Vira Paky wins NZ youth human rights award - Amnesty International

The winner of Amnesty International’s Gary Ware Legacy Award will be announced this evening ahead of Human Rights Day (Friday 10th December) as a nod to the importance of youth voices in shaping Aotearoa’s future.

The Gary Ware Legacy Award is a new award from Amnesty International made possible by the Ware family, who have been advocating for the rights of others in New Zealand and abroad for decades. This is the second year the award has been running.

Entries have been coming in from young people across the country, with some incredible human rights initiatives including everything from an ethical travel company and letters to the future, to pronoun nametags and education for medical staff.

The idea that won this year’s award will go some way to assisting a very under-resourced part of the refugee space. Vira Paky plans to set up a new way to identify, document and release research on the mental health of people who’ve sought refuge and who are now residing in Aotearoa New Zealand.

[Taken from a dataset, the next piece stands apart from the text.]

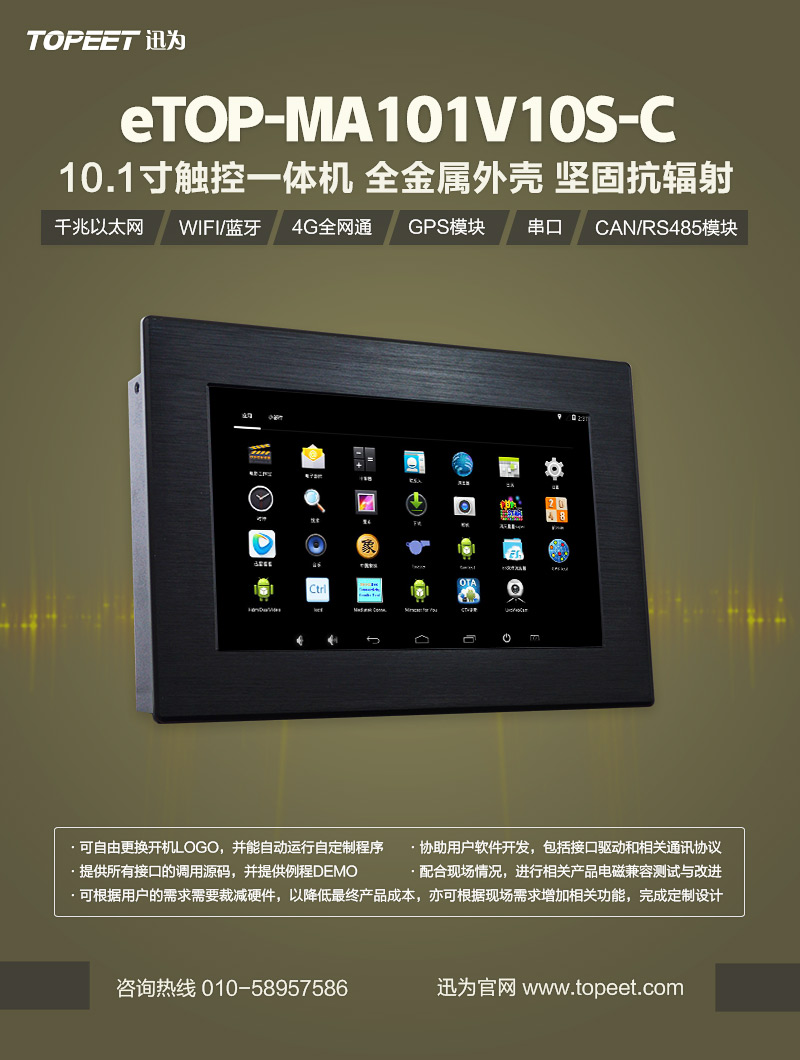 迅為電子新推出10.1寸金屬外殼工控一體機產(chǎn)品,全金屬外殼,堅固抗輻射,搭載千兆以太網(wǎng)、WIFI/藍牙、4G全網(wǎng)通、GPS模塊、串口、CAN/RS485模塊等。

Vira is an award-winning poet, playwright, writer, community activist, and Chairperson of the New Zealand National Refugee Youth Council. She is studying the social sciences at The University of Auckland and hopes to pursue postgraduate study in Development Studies.

Paky says the award will help her give life to an idea she has been fostering for some time. "It is my hope that by undertaking this project I can create a space where resettled young people can talk openly about their experiences with mental distress. By actively listening to our marginalised communities, we can better understand the refugee youth experience and what can be done better to support their settlement as first-generation New Zealanders.

"My wish is that young refugees in New Zealand no longer just survive, but truly thrive in this country."

Vira Paky, Gary Ware Legacy Award Winner 2021

Amnesty International Community Manager Margaret Taylor says Vira has the know-how and lived experience to improve outcomes in the refugee space.

"Vira and her family sought refuge in Aotearoa New Zealand so they know how hard it can be to start over in a new country. Despite her youthfulness, Vira has already contributed much to improving the lives of young people from refugee backgrounds. All are survivors. All have much to offer their adopted home. and empowering them to do so is at the heart of Vira's project."

Taylor says the Gary Ware Legacy Award is a response to a growing demand among younger generations for a more promising future.

"We are so thankful to the Ware family, who are steeped in New Zealand activism history, for recognising the beautiful hopefulness and determination of today’s young people by making this award possible."